───── Task input ─────

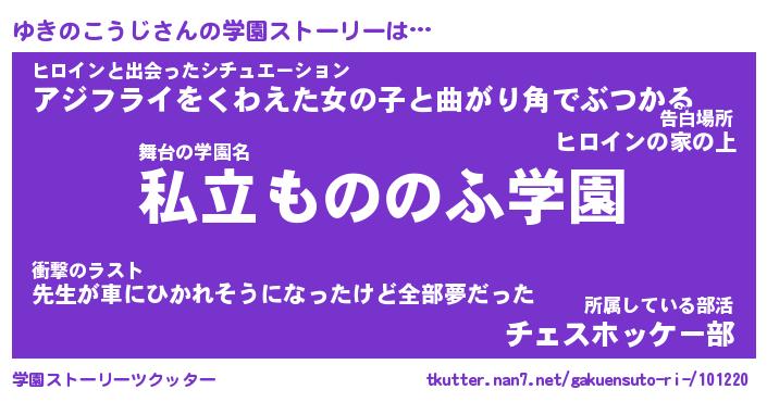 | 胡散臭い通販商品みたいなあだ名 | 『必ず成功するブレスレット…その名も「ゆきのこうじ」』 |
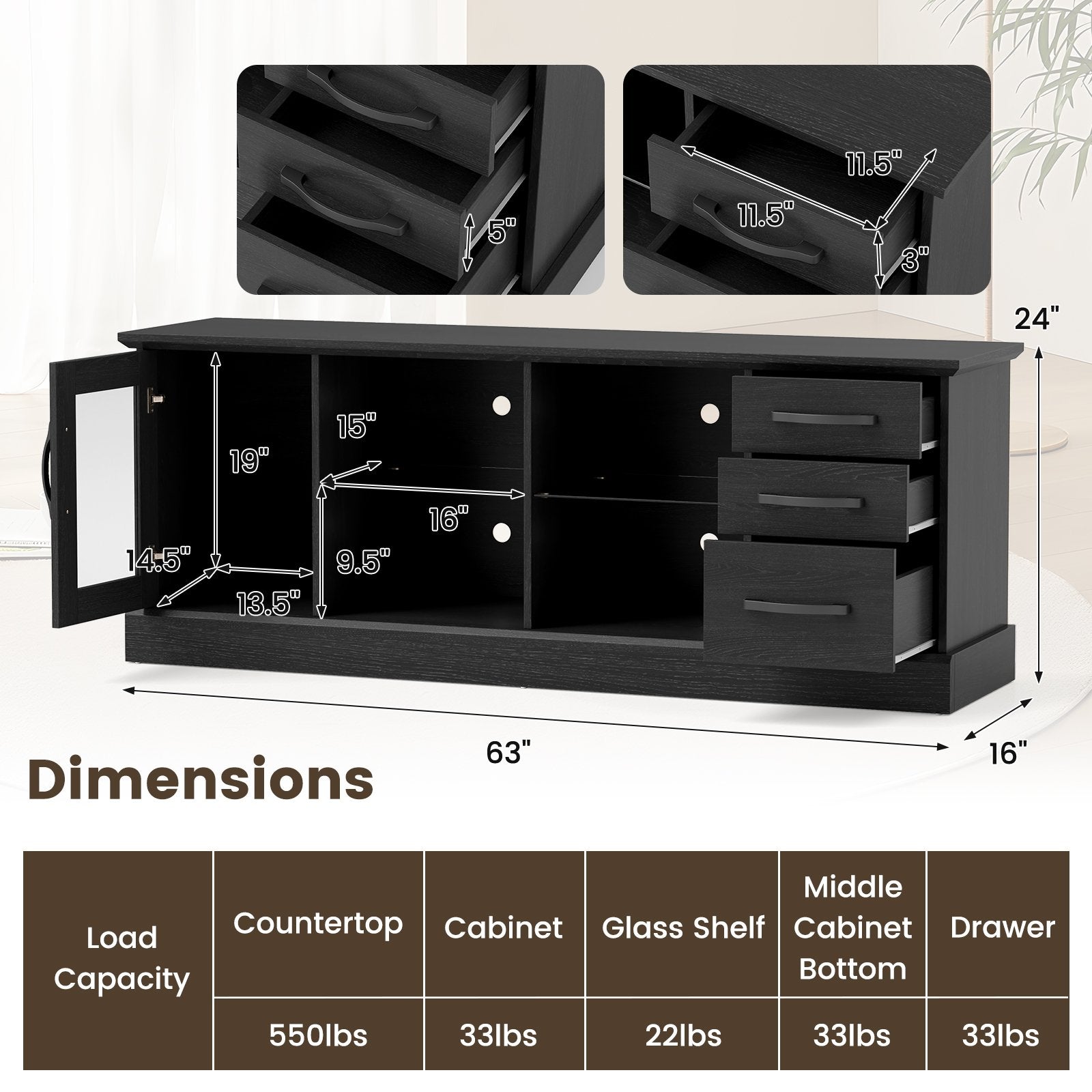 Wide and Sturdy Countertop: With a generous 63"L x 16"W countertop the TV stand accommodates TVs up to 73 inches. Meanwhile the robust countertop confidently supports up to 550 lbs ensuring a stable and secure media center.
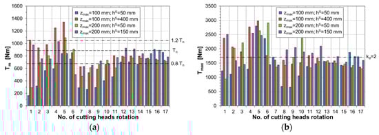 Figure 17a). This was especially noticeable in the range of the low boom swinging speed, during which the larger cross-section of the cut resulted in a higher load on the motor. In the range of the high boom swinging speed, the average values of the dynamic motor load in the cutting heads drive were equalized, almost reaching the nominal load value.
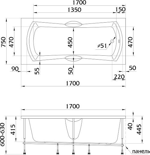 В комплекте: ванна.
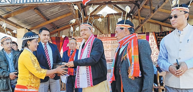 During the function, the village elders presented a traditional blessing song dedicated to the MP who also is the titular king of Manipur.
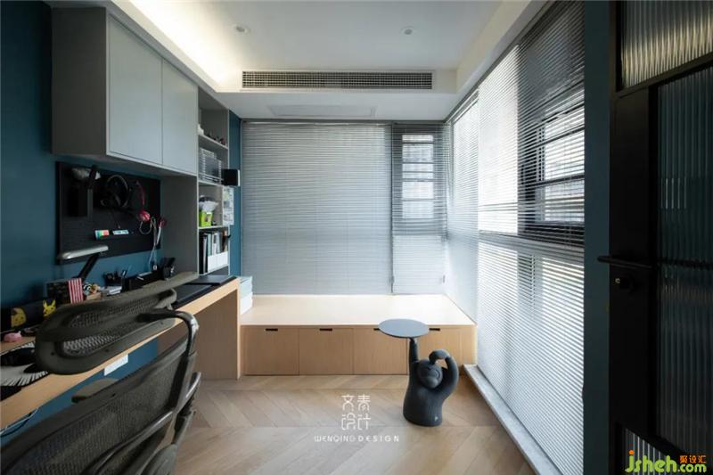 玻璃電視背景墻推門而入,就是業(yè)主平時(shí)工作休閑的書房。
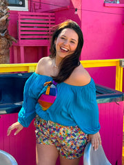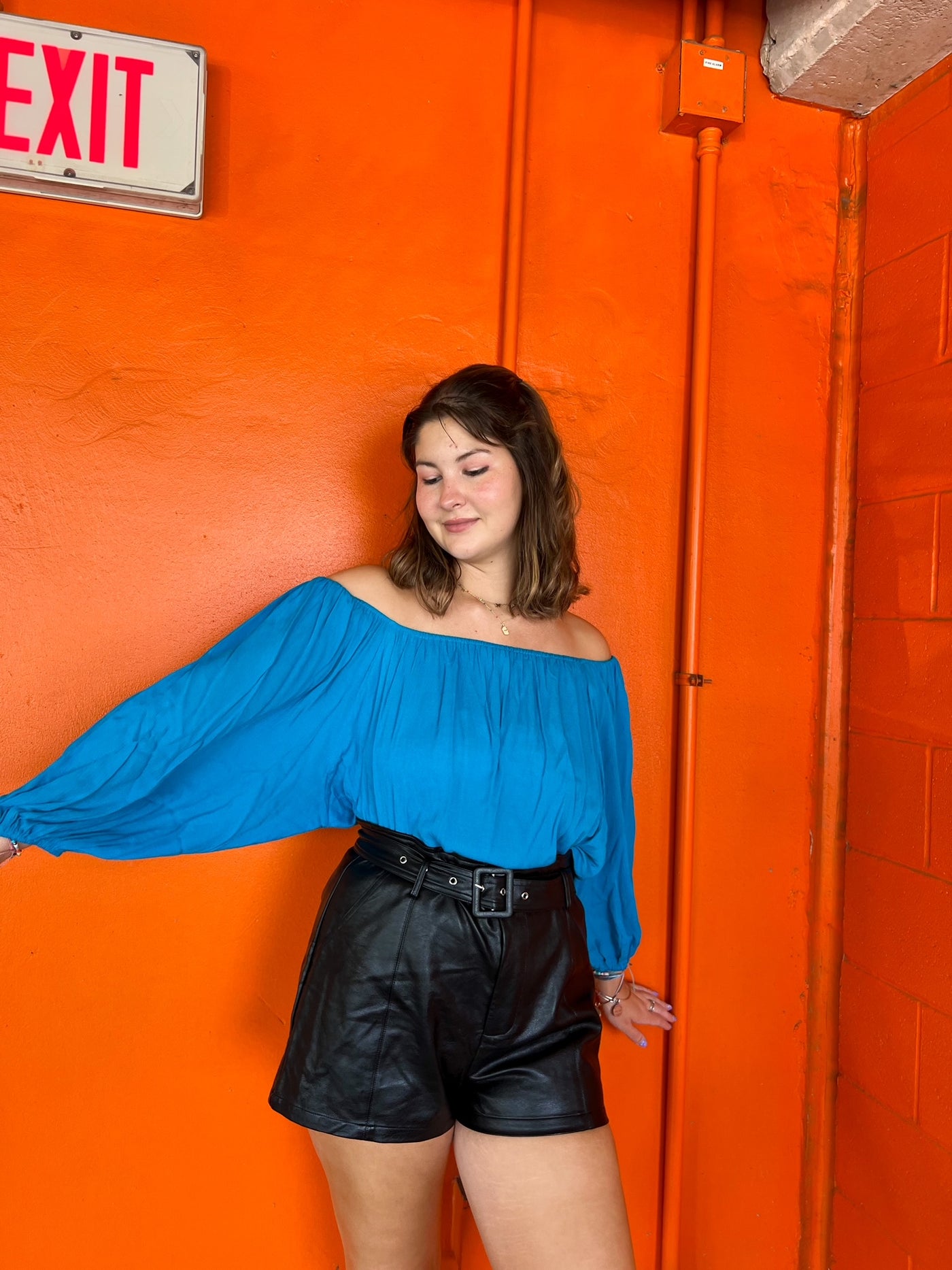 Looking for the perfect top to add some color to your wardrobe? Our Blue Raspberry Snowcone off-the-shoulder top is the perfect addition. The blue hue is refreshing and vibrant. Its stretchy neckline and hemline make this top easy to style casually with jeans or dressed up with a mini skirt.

─────

* [Task brief] Pictures are to be omitted. The lines from the line holding "Figure 17a). This" through the closing line of the data above are to be set down exactly, and nothing more.

* [Result of this exercise]
 Figure 17a). This was especially noticeable in the range of the low boom swinging speed, during which the larger cross-section of the cut resulted in a higher load on the motor. In the range of the high boom swinging speed, the average values of the dynamic motor load in the cutting heads drive were equalized, almost reaching the nominal load value.
 В комплекте: ванна.
 During the function, the village elders presented a traditional blessing song dedicated to the MP who also is the titular king of Manipur.
 玻璃電視背景墻推門而入,就是業(yè)主平時(shí)工作休閑的書房。
 Looking for the perfect top to add some color to your wardrobe? Our Blue Raspberry Snowcone off-the-shoulder top is the perfect addition. The blue hue is refreshing and vibrant. Its stretchy neckline and hemline make this top easy to style casually with jeans or dressed up with a mini skirt.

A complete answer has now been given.